Falamos muito em dias bons e dias ruins. Ficamos tentando quantificar nosso grau de satisfação com a vida, como se isso fosse de fato algo mensurável. Achamos muito mais coisas para reclamar do que para ser grato quando, de fato, a resposta deveria ser mais simples.

Todo dia com vida e com saúde para aproveitá-la é um bom dia. Ponto. O resto é resto. Quanta gente queria ter privilégio de poder andar, ou mesmo respirar sem dificuldades? E você aí reclamando que o Honda Civic é muito caro no Brasil.

Caro é a conta do hospital!

Recentemente escrevi um texto sobre o que é “caro e barato“. Claro, era uma abordagem puramente financeira, mercadológica e emocional. Mas pensando bem, nada é de fato, caro!

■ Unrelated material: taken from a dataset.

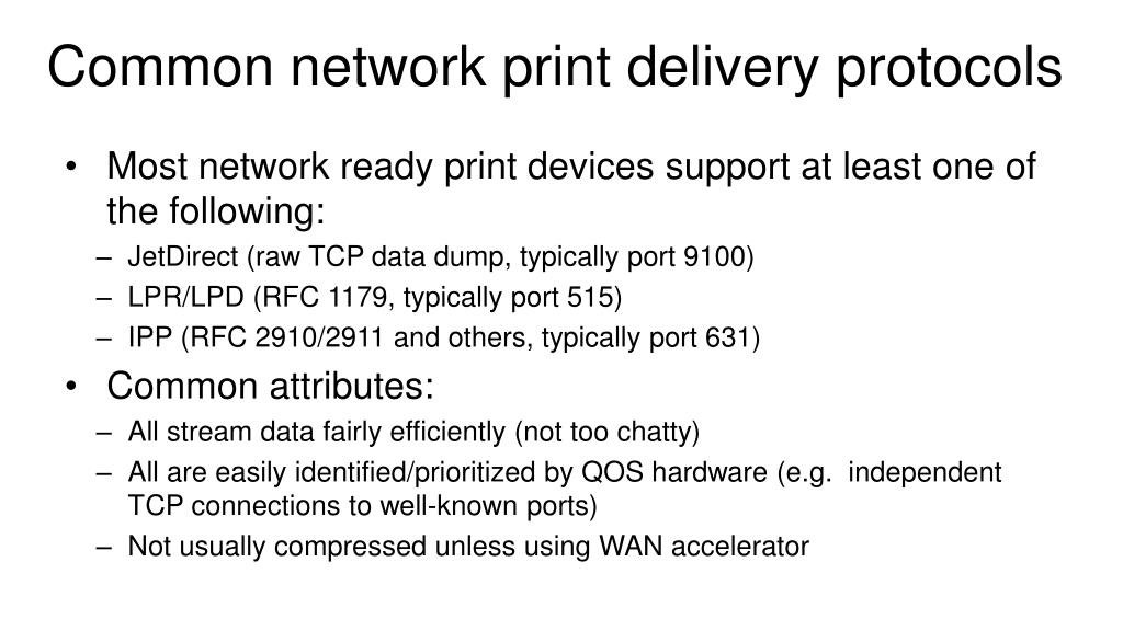 Common network print delivery protocols • Most network ready print devices support at least one of the following: • JetDirect (raw TCP data dump, typically port 9100) • LPR/LPD (RFC 1179, typically port 515) • IPP (RFC 2910/2911 and others, typically port 631) • Common attributes: • All stream data fairly efficiently (not too chatty) • All are easily identified/prioritized by QOS hardware (e.g. independent TCP connections to well-known ports) • Not usually compressed unless using WAN accelerator

Explico: eu me pego reclamando que tive que gastar R$ 600,00 na revisão do carro, ou R$ 200,00 para limpar o ar condicionado da sala e por aí vai. Às vezes fico enfurecido por ter que gastar tanto com coisas assim. É tudo caro, quanto dinheiro no ralo!

Bom, antes eu deveria me sentir privilegiado por ter um carro e, depois, por ter dinheiro para sustentá-lo. Mais sortudo ainda por ter ar condicionado na minha sala, um verdadeiro luxo. No entanto, além de eu não parar para pensar em minha sorte, ainda acho espaço para reclamar.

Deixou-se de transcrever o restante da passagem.